While the process is simple from a lean perspective, my interest is how a change agent works. These pies have been produced this way for many years. It is an all-volunteer process. How does change happen?

I’m going to try to demonstrate the process with a simple Lego exercise to show how we can get rapid clues as to where we need resources if we match the feeder line’s pace to that of production. I’ll post how it goes.

Sunday, September 15, 2002

Making quick application

I find that if I quickly try out something that I have learned, I learn it more deeply.

This morning, in a non-work setting, I briefly explained the four steps of forming a habit; awareness, awkwardness, skill, habit. The setting was a class at my church for parents of teen-agers. The other parents were struggling to implement some of the concepts we were trying to learn.

I quickly wrote the four steps on a piece of paper and described the two steps. The six other people stopped, absorbed, then reached for their own paper to copy it down.

As one guy said "I always get stuck at the "awkward" step...I don't persevere enough to get to "skill" " Well said.

My application... try to communicate, quickly, what I'm learning. It helps me assess if it is useful or not. And, hey, it might help someone else too.

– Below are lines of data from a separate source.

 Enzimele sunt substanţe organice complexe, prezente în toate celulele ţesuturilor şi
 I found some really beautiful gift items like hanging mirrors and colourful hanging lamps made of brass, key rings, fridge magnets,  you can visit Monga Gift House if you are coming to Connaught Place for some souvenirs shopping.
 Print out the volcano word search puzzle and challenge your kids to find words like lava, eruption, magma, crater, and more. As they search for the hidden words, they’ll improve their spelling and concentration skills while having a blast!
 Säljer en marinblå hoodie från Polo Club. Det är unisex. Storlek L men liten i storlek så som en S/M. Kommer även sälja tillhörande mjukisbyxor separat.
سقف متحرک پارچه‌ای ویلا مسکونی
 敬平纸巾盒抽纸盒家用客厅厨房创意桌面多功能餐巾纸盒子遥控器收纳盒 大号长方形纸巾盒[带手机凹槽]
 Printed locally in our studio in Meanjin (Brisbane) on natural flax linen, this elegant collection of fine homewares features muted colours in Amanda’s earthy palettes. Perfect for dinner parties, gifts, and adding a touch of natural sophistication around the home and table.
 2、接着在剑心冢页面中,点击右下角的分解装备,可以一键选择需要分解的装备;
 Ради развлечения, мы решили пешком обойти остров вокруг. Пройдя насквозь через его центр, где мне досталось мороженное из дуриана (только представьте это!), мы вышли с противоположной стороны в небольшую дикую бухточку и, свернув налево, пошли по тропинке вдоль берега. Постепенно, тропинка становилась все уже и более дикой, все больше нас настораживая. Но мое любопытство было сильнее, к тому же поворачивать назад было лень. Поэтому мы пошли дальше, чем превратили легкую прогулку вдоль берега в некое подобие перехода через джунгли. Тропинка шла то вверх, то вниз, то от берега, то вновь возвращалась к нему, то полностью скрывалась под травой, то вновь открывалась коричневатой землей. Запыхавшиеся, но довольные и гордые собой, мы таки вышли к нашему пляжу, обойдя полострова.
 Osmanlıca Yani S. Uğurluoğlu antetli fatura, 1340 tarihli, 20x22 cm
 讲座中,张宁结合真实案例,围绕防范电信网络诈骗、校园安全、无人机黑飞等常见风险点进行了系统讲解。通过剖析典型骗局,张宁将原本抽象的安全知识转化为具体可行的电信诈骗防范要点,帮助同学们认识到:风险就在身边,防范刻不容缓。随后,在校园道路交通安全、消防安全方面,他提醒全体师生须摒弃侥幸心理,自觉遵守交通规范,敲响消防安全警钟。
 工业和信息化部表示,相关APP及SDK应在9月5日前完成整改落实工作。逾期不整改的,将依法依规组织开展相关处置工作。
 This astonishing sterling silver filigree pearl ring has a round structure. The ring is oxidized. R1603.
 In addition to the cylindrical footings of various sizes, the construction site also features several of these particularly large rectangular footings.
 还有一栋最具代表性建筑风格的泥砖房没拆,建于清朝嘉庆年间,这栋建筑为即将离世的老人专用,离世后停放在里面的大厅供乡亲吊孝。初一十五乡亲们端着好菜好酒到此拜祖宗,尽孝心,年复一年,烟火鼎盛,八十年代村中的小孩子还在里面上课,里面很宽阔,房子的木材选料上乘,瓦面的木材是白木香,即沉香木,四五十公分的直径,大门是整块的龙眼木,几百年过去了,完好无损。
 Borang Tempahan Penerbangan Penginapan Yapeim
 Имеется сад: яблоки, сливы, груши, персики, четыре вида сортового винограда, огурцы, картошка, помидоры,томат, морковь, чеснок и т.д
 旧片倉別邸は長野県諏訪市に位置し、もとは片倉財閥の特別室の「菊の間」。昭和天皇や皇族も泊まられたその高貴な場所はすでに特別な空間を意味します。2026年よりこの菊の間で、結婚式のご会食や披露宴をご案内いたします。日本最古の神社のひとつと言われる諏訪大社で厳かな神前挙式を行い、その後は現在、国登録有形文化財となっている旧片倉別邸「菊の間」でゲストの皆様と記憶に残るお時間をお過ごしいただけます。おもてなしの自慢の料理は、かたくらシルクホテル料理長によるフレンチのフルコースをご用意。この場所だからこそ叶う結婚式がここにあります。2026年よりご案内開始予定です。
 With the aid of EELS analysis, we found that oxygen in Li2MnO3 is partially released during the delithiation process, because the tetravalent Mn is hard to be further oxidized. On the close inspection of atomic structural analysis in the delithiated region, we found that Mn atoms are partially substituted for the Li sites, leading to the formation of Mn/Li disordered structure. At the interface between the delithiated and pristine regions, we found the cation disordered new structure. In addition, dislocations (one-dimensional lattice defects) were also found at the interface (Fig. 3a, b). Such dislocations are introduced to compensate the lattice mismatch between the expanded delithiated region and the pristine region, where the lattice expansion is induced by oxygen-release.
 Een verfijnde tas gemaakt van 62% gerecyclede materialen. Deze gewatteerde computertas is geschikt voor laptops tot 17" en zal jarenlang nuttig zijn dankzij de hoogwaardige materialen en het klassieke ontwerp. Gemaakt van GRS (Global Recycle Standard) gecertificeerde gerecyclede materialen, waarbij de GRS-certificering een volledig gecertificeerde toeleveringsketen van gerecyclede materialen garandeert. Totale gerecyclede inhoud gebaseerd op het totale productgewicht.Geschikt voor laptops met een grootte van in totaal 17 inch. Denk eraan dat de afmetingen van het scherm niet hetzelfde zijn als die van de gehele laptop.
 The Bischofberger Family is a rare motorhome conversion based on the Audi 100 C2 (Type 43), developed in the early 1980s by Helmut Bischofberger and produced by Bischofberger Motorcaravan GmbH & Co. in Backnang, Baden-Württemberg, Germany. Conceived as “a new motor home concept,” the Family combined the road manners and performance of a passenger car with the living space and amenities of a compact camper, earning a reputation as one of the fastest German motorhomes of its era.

Saturday, September 14, 2002

Dwight's Visit

An old friend of our company stopped by yesterday. In a discussion about how to drive change, he mentioned his view of the four steps to a culture change:

--Awareness
--Awkwardness
--Skill
--Habit

This sequence resonated with me. Before I can expect someone in our company to adopt a new method, I have to make him/her aware of it. Clarity must be key.

Then I need to encourage and coach through the stage of awkwardness. I need to celebrate getting it "almost right".

Skill can be demonstrated. It will follow an encouraged awkwardness.

Habit happens when skill takes over in the subconcious. At that point, it is subconcous and the mind takes over to become aware of a new practice.

How quickly I expect people to jump from "awareness" to "habit"!!